WHAT THE TASK ASKS ->
Skip the pictures. Output only the lines below starting at the line with "ブリは冬に旬を迎えるお魚です" and ending at the line with "近日,合肥市第四十届青少年科", both ends included, exactly as they are.

AVAILABLE DATA ->

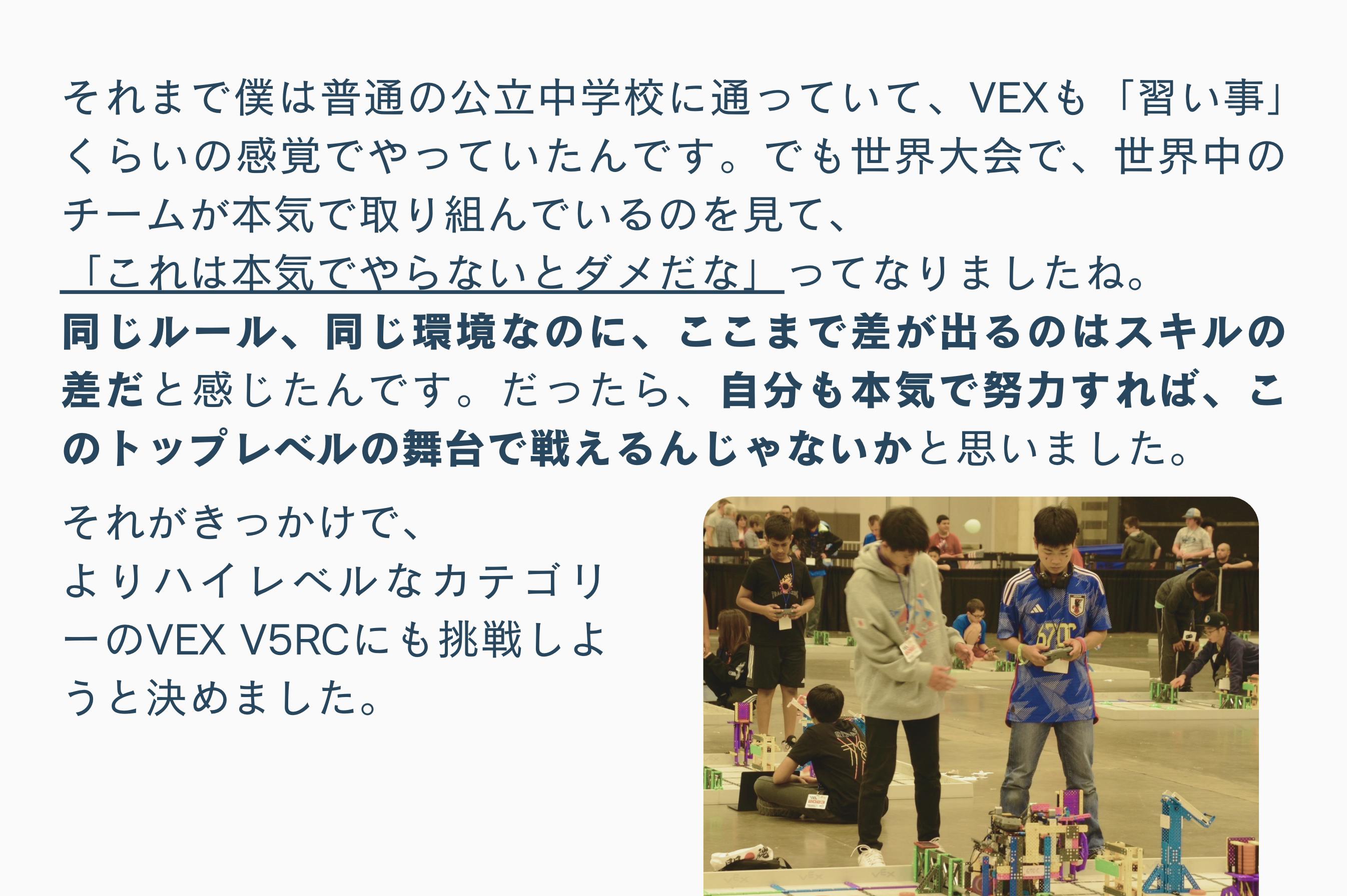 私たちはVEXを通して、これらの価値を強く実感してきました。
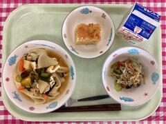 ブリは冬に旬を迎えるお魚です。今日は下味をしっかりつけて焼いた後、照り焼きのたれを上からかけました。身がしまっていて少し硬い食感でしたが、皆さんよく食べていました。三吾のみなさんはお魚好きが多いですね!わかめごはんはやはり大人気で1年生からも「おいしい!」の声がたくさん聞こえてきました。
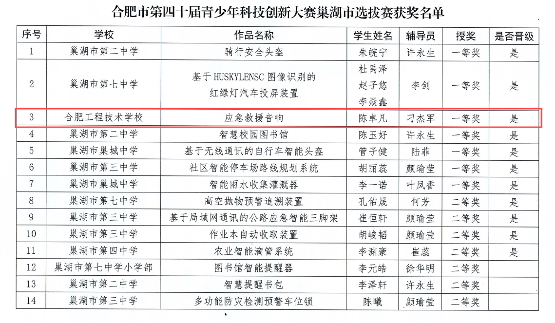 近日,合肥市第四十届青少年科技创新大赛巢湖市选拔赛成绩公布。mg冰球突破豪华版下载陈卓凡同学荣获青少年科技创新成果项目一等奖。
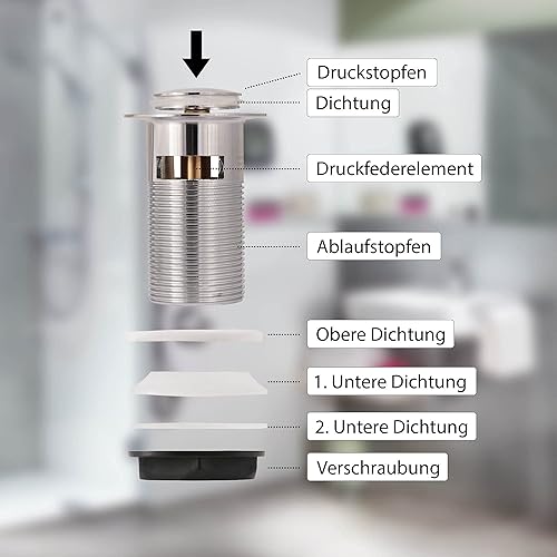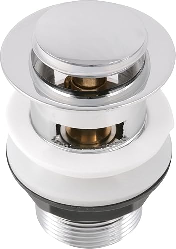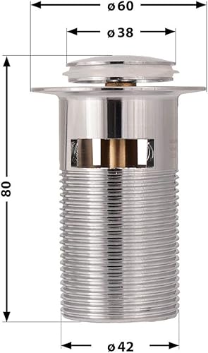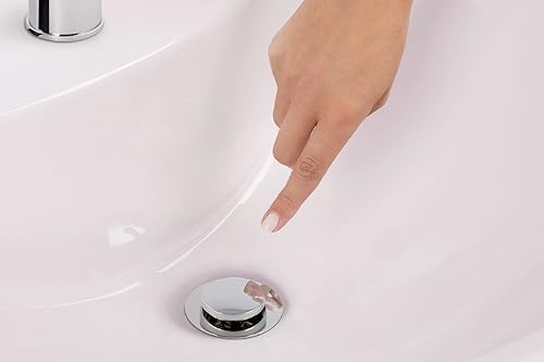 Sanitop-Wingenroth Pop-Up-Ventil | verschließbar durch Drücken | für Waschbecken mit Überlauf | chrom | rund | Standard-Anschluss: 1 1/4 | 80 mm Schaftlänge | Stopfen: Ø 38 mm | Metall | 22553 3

TASK RESULT ->
 ブリは冬に旬を迎えるお魚です。今日は下味をしっかりつけて焼いた後、照り焼きのたれを上からかけました。身がしまっていて少し硬い食感でしたが、皆さんよく食べていました。三吾のみなさんはお魚好きが多いですね!わかめごはんはやはり大人気で1年生からも「おいしい!」の声がたくさん聞こえてきました。
 近日,合肥市第四十届青少年科技创新大赛巢湖市选拔赛成绩公布。mg冰球突破豪华版下载陈卓凡同学荣获青少年科技创新成果项目一等奖。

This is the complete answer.